> **INSTRUCTIONS FOR THE TASK**: Your reply should hold every entry below exactly as written and none of the pictures.

(Items from a dataset)

--------------------------------

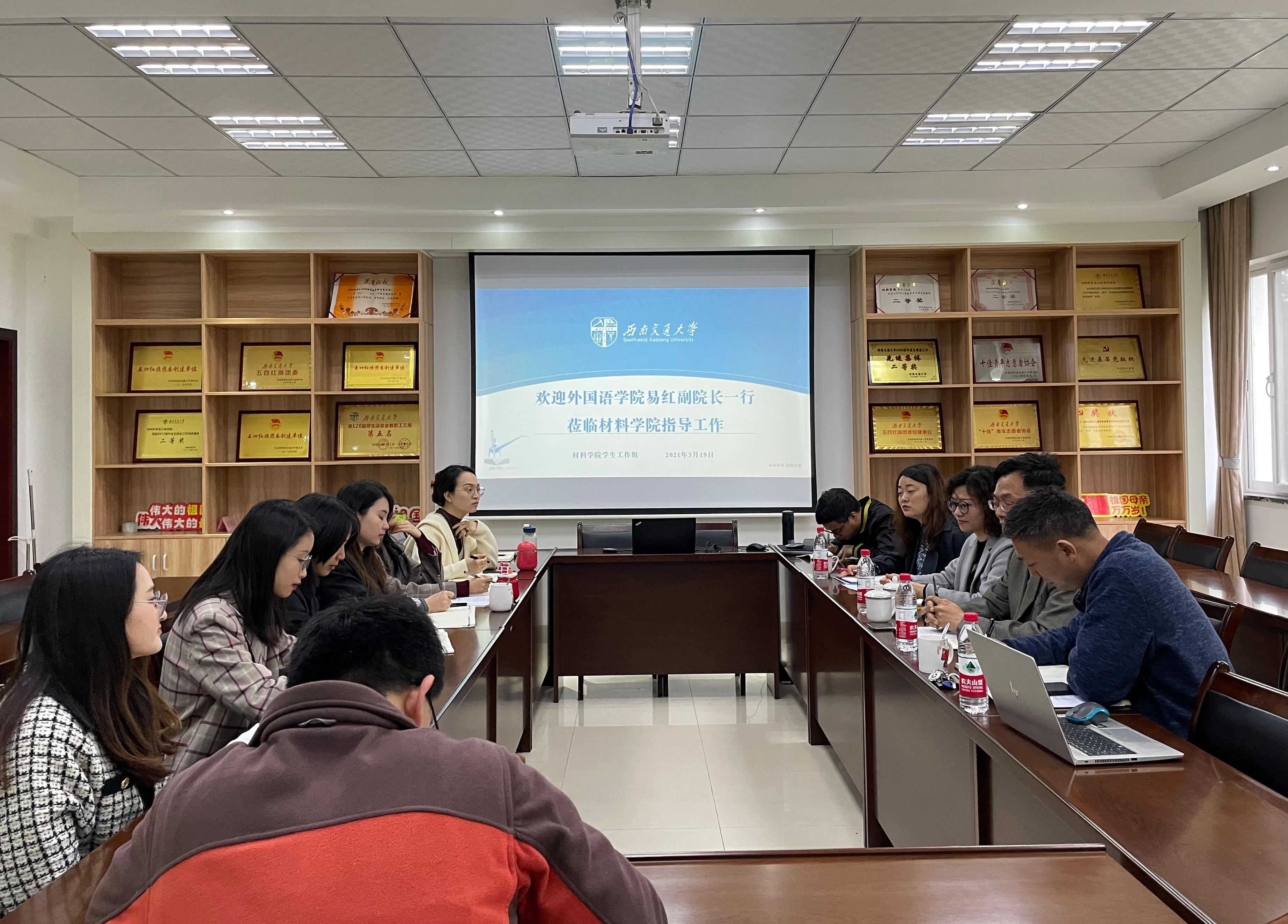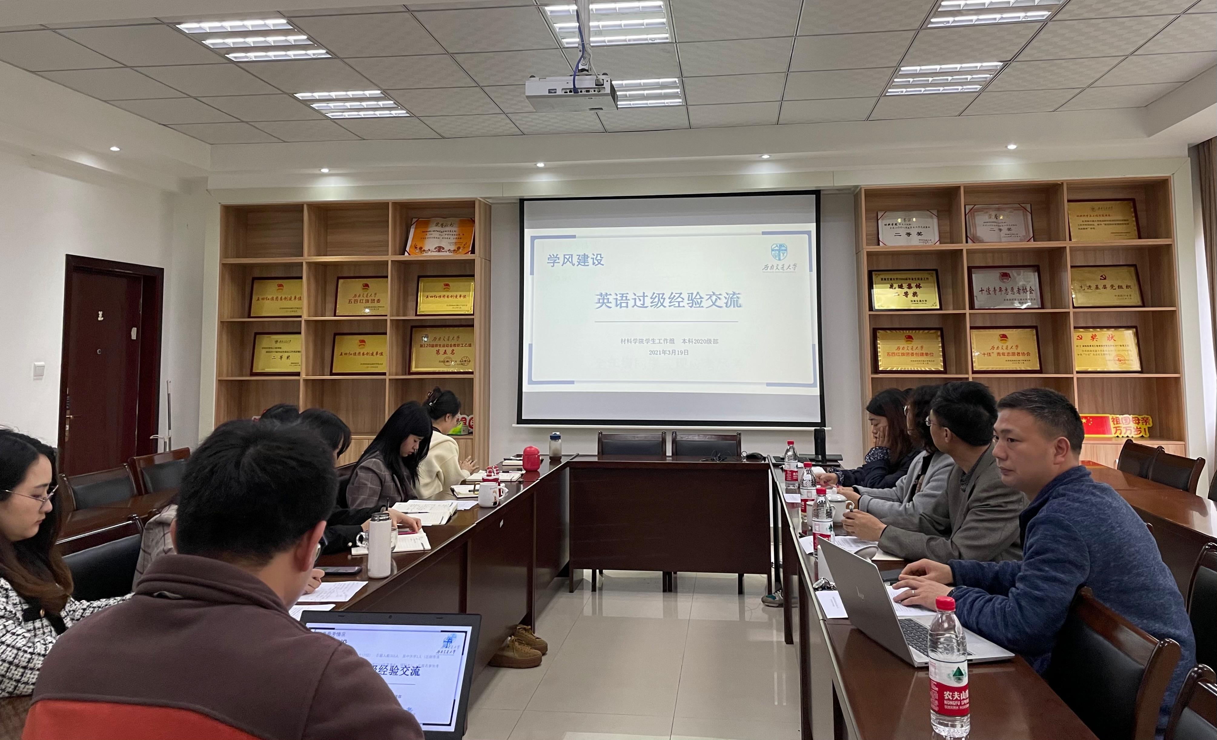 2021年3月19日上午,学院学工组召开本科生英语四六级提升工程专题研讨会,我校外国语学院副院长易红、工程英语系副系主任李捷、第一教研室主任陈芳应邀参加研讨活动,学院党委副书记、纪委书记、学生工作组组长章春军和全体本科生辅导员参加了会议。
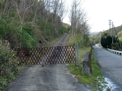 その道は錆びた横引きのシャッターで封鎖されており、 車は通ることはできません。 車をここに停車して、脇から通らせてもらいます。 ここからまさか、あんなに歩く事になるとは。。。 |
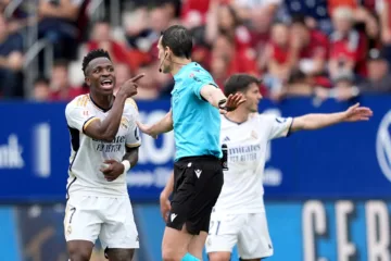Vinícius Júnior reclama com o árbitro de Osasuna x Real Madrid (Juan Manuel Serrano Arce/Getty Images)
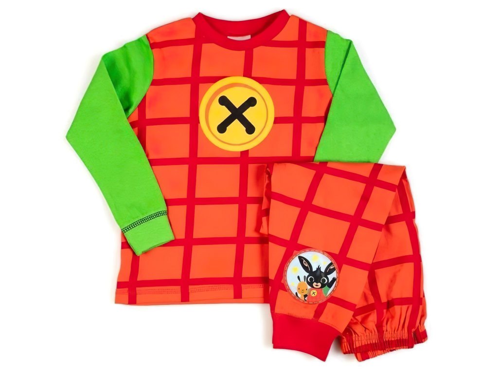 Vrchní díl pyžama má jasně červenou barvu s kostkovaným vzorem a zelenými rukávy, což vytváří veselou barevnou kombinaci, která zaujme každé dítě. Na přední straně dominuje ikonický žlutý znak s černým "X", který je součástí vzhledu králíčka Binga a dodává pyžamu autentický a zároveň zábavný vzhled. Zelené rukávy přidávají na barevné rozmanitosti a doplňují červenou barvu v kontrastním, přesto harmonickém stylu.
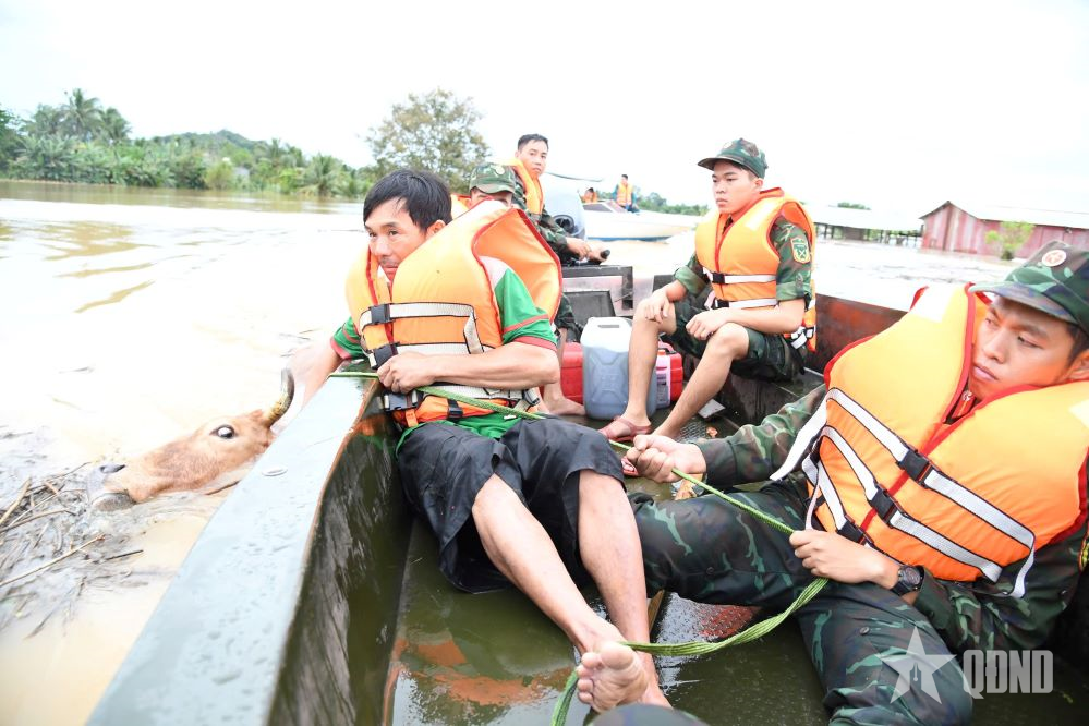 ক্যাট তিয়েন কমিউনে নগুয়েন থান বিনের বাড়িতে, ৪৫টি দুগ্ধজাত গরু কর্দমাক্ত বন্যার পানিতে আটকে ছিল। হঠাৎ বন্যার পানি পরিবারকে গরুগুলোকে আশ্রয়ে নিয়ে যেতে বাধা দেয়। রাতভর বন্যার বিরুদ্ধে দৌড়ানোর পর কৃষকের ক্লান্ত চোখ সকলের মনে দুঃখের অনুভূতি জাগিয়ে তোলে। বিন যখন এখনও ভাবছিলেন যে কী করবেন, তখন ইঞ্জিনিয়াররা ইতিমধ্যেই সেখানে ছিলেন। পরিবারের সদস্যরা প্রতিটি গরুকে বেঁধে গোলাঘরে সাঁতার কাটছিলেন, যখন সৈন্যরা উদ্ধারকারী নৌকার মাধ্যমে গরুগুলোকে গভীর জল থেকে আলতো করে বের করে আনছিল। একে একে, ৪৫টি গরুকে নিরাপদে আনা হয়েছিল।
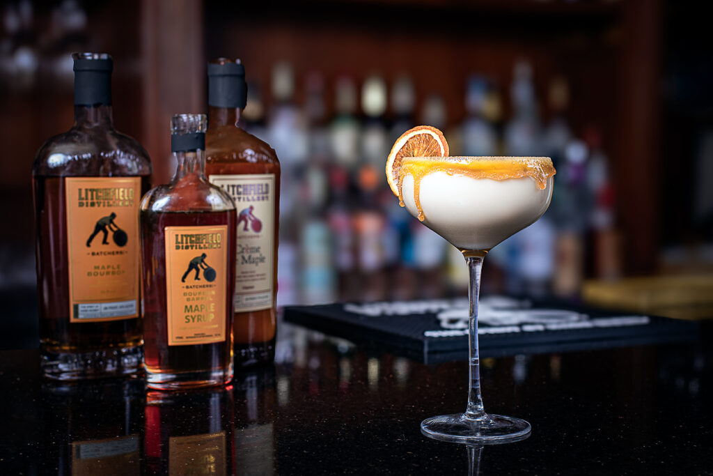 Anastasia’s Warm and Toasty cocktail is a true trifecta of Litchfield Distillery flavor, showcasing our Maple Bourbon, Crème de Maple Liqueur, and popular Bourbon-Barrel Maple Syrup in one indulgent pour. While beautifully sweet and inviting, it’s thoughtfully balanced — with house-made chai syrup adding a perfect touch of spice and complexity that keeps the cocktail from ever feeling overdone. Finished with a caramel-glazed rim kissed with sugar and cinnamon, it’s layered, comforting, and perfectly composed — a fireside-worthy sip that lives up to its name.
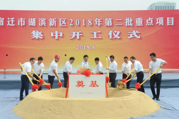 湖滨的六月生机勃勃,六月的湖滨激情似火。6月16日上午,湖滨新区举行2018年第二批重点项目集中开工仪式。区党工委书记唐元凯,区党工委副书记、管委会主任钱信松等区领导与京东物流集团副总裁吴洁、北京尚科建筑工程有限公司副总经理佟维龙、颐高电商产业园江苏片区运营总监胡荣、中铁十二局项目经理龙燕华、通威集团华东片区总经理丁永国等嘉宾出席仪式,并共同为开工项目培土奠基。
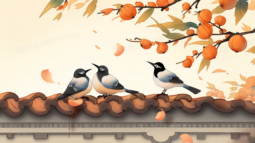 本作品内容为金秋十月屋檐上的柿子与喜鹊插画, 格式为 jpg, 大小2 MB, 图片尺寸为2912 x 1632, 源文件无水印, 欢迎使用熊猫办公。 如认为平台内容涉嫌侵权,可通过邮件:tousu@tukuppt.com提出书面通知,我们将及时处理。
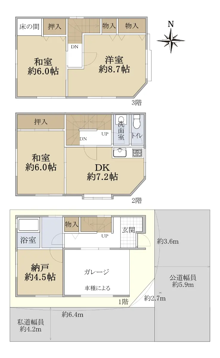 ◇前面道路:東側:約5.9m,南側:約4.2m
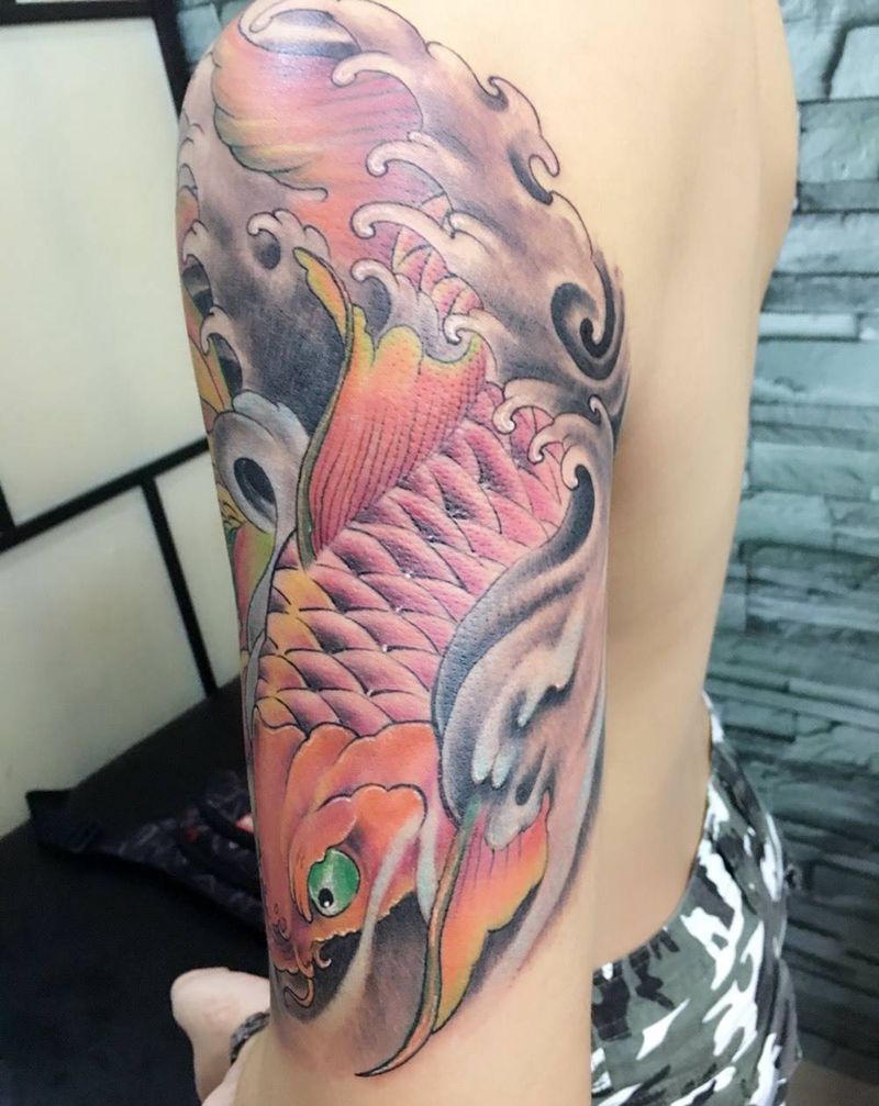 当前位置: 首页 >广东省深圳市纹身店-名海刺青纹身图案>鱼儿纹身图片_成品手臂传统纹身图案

--------------------------------

> **SOLUTION**:
 2021年3月19日上午,学院学工组召开本科生英语四六级提升工程专题研讨会,我校外国语学院副院长易红、工程英语系副系主任李捷、第一教研室主任陈芳应邀参加研讨活动,学院党委副书记、纪委书记、学生工作组组长章春军和全体本科生辅导员参加了会议。
 その道は錆びた横引きのシャッターで封鎖されており、 車は通ることはできません。 車をここに停車して、脇から通らせてもらいます。 ここからまさか、あんなに歩く事になるとは。。。 |
Vinícius Júnior reclama com o árbitro de Osasuna x Real Madrid (Juan Manuel Serrano Arce/Getty Images)
 Vrchní díl pyžama má jasně červenou barvu s kostkovaným vzorem a zelenými rukávy, což vytváří veselou barevnou kombinaci, která zaujme každé dítě. Na přední straně dominuje ikonický žlutý znak s černým "X", který je součástí vzhledu králíčka Binga a dodává pyžamu autentický a zároveň zábavný vzhled. Zelené rukávy přidávají na barevné rozmanitosti a doplňují červenou barvu v kontrastním, přesto harmonickém stylu.
 ক্যাট তিয়েন কমিউনে নগুয়েন থান বিনের বাড়িতে, ৪৫টি দুগ্ধজাত গরু কর্দমাক্ত বন্যার পানিতে আটকে ছিল। হঠাৎ বন্যার পানি পরিবারকে গরুগুলোকে আশ্রয়ে নিয়ে যেতে বাধা দেয়। রাতভর বন্যার বিরুদ্ধে দৌড়ানোর পর কৃষকের ক্লান্ত চোখ সকলের মনে দুঃখের অনুভূতি জাগিয়ে তোলে। বিন যখন এখনও ভাবছিলেন যে কী করবেন, তখন ইঞ্জিনিয়াররা ইতিমধ্যেই সেখানে ছিলেন। পরিবারের সদস্যরা প্রতিটি গরুকে বেঁধে গোলাঘরে সাঁতার কাটছিলেন, যখন সৈন্যরা উদ্ধারকারী নৌকার মাধ্যমে গরুগুলোকে গভীর জল থেকে আলতো করে বের করে আনছিল। একে একে, ৪৫টি গরুকে নিরাপদে আনা হয়েছিল।
 Anastasia’s Warm and Toasty cocktail is a true trifecta of Litchfield Distillery flavor, showcasing our Maple Bourbon, Crème de Maple Liqueur, and popular Bourbon-Barrel Maple Syrup in one indulgent pour. While beautifully sweet and inviting, it’s thoughtfully balanced — with house-made chai syrup adding a perfect touch of spice and complexity that keeps the cocktail from ever feeling overdone. Finished with a caramel-glazed rim kissed with sugar and cinnamon, it’s layered, comforting, and perfectly composed — a fireside-worthy sip that lives up to its name.
 湖滨的六月生机勃勃,六月的湖滨激情似火。6月16日上午,湖滨新区举行2018年第二批重点项目集中开工仪式。区党工委书记唐元凯,区党工委副书记、管委会主任钱信松等区领导与京东物流集团副总裁吴洁、北京尚科建筑工程有限公司副总经理佟维龙、颐高电商产业园江苏片区运营总监胡荣、中铁十二局项目经理龙燕华、通威集团华东片区总经理丁永国等嘉宾出席仪式,并共同为开工项目培土奠基。
 本作品内容为金秋十月屋檐上的柿子与喜鹊插画, 格式为 jpg, 大小2 MB, 图片尺寸为2912 x 1632, 源文件无水印, 欢迎使用熊猫办公。 如认为平台内容涉嫌侵权,可通过邮件:tousu@tukuppt.com提出书面通知,我们将及时处理。
 ◇前面道路:東側:約5.9m,南側:約4.2m
 当前位置: 首页 >广东省深圳市纹身店-名海刺青纹身图案>鱼儿纹身图片_成品手臂传统纹身图案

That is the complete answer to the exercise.